Der Intel 18A-Prozessknoten bietet eine um 25 % höhere Frequenz bei ISO-Bedingungen und einen um 36 % geringeren Stromverbrauch bei gleicher Frequenz im Vergleich zu Intel 3 sowie eine um über 30 % höhere Dichte.
Intels 18A-Wafer | Bildnachweis: Intel

Intel sondiert zudem vielversprechende Möglichkeiten im Bereich Advanced Packaging. Zinsner sprach von erwarteten Kundenzusagen, die bereits in der zweiten Hälfte des laufenden Geschäftsjahres Umsätze in Milliardenhöhe generieren könnten. Produkte wie Intels EMIB und EMIB-T stoßen derzeit bei mehreren namhaften Fabless-Herstellern auf Interesse. Gespräche mit Apple, NVIDIA, Qualcomm und anderen Unternehmen laufen bereits. Es wird spekuliert, dass NVIDIA EMIB für seine kommenden Feynman-Chips nutzen könnte; mögliche Ankündigungen werden auf der GTC 2026 erwartet.

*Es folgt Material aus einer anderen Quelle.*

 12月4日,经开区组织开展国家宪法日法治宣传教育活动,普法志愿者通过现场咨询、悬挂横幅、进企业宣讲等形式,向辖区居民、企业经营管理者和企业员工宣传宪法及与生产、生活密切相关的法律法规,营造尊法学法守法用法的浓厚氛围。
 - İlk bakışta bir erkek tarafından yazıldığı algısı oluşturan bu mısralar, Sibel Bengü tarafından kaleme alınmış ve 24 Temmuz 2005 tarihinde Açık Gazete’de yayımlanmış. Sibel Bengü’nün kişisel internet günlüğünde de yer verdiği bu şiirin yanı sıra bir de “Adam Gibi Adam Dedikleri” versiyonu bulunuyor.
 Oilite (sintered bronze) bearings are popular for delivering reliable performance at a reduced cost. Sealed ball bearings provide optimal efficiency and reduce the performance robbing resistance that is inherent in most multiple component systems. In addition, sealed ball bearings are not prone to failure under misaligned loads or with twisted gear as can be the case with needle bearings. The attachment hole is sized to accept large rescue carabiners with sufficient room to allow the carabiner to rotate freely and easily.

Als ich ursprünglich über das Verpackungsgeschäft nachdachte und mit Investoren sprach, legte ich Wert darauf, dass alle Beteiligten die Erfolge im dreistelligen Millionenbereich den kleineren Erfolgen im Milliardenbereich gegenüberstellten. So sollte man es betrachten. Inzwischen habe ich meine Herangehensweise jedoch revidiert, da wir kurz vor dem Abschluss einiger Verträge stehen, die ein jährliches Umsatzvolumen in Milliardenhöhe im Verpackungsbereich generieren.

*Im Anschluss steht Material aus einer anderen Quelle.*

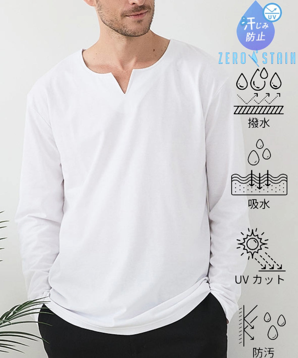 Jeans Mate Sweat Stain Prevention Key Neck Long T ZERO STAIN Zero Stain

Angesichts vielversprechender Entwicklungen bei ihren Wafer- und Packaging-Strategien ist Intel nun optimistisch, bis 2027 die Gewinnschwelle beim operativen Umsatz zu erreichen, vorausgesetzt, das Kundeninteresse wird in tatsächliche Aufträge umgewandelt. Obwohl die Bruttomargen der Intel Foundry in den letzten Quartalen unter Druck standen, dürften Verbesserungen bei den Ausbeuteraten und die steigende Nachfrage nach ausgereiften Fertigungstechnologien die Grundlage für eine Erholung der Foundry-Aktivitäten von Intel schaffen.